Replace the fixed `max_wait_s` in the inference loop with a function of active stream count:
- `active < 10`: 5ms (single-digit streams = latency-sensitive)
- `active < 50`: 15ms
- `active >= 50`: 40ms (many streams = throughput-sensitive, batch fills fast anyway)

This is ~6 lines in `_inference_loop()`.

### Expected first-token after fix

| Concurrency | Before (560ms chunks) | After (160ms chunks, 10ms wait) |
|---:|---:|---:|
| 1 | 539ms | ~170ms |
| 50 | 694ms | ~230ms |
| 100 | 1209ms | ~350ms |

---

## Phase 2: GPU + PyTorch Telemetry

Add real observability to `/metrics` and `/metrics/prometheus`.

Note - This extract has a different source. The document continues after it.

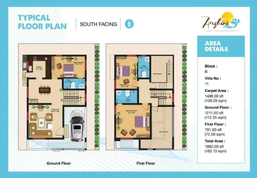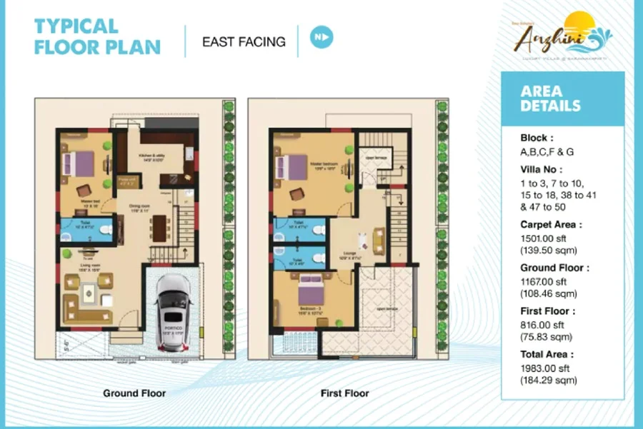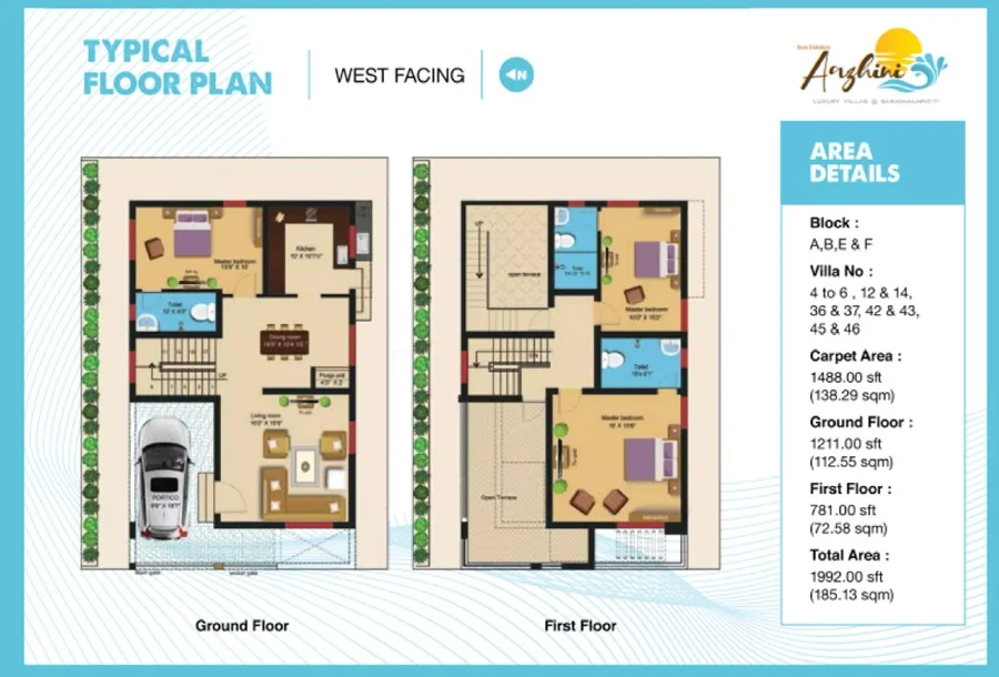 (Super Builtup Area) : 1983 – 1992 sq.ft

### PyTorch allocator metrics ([engine.py](triton_asr/engine.py))

Add a `gpu_telemetry()` method that returns:
- `vram_allocated_bytes` -- `torch.cuda.memory_allocated()`
- `vram_reserved_bytes` -- `torch.cuda.memory_reserved()`
- `vram_peak_allocated_bytes` -- `torch.cuda.max_memory_allocated()`
- `cuda_alloc_retries` -- from `torch.cuda.memory_stats()["num_alloc_retries"]`
- `cuda_ooms` -- from `torch.cuda.memory_stats()["num_ooms"]`
- `reserved_minus_allocated` -- fragmentation proxy

### Event loop lag metric ([engine.py](triton_asr/engine.py))

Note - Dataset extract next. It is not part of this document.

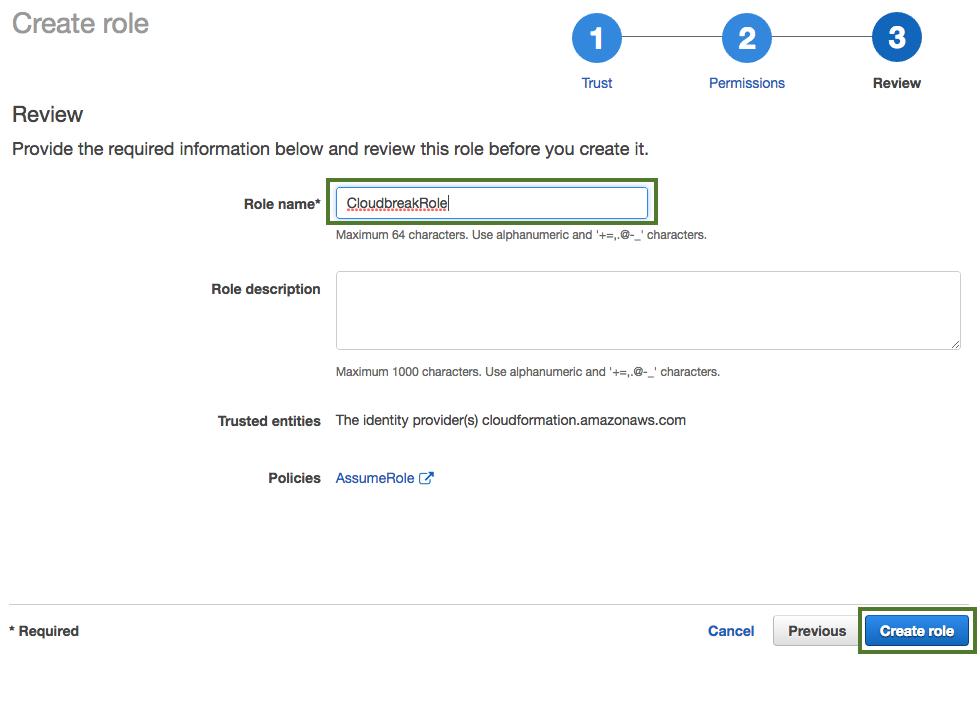 command. This command creates a role with the name "cbreak-deployer" (equivalent to the "CredentialRole"). To customize the name of the role, addexport AWS_ROLE_NAME=my-cloudbreak-role-name

Add a simple periodic check: schedule a callback, measure how late it fires vs expected. Expose `event_loop_lag_ms` in metrics. If this climbs, everything async is fake.

### Prometheus exposition ([gateway.py](triton_asr/gateway.py))

Add the new metrics to the `/metrics/prometheus` endpoint as gauges/counters.

---

## Phase 3: Chaos / Failure Tests

Add [test_chaos.py](triton_asr/test_chaos.py) with 4 scenarios:

- **Slow consumer**: client reads 1 msg/sec while server produces 20/sec. Assert: bounded queue holds, partials drop, finals delivered, no crash.
- **Abandon**: client connects, sends 2 chunks, then goes silent (no END). Assert: idle timeout triggers within `ws_idle_timeout_s`, stream cleaned up, VRAM stable.
- **Churn storm**: 200 rapid connect/disconnect cycles in 30s. Assert: `active_streams` returns to 0, no VRAM growth, no state leak.
- **Malformed frames**: send random bytes, wrong-size frames, text where binary expected. Assert: server rejects gracefully, no engine crash, error metric increments.

---

## Phase 4: Sweep Grid (chunk size x batch wait x concurrency)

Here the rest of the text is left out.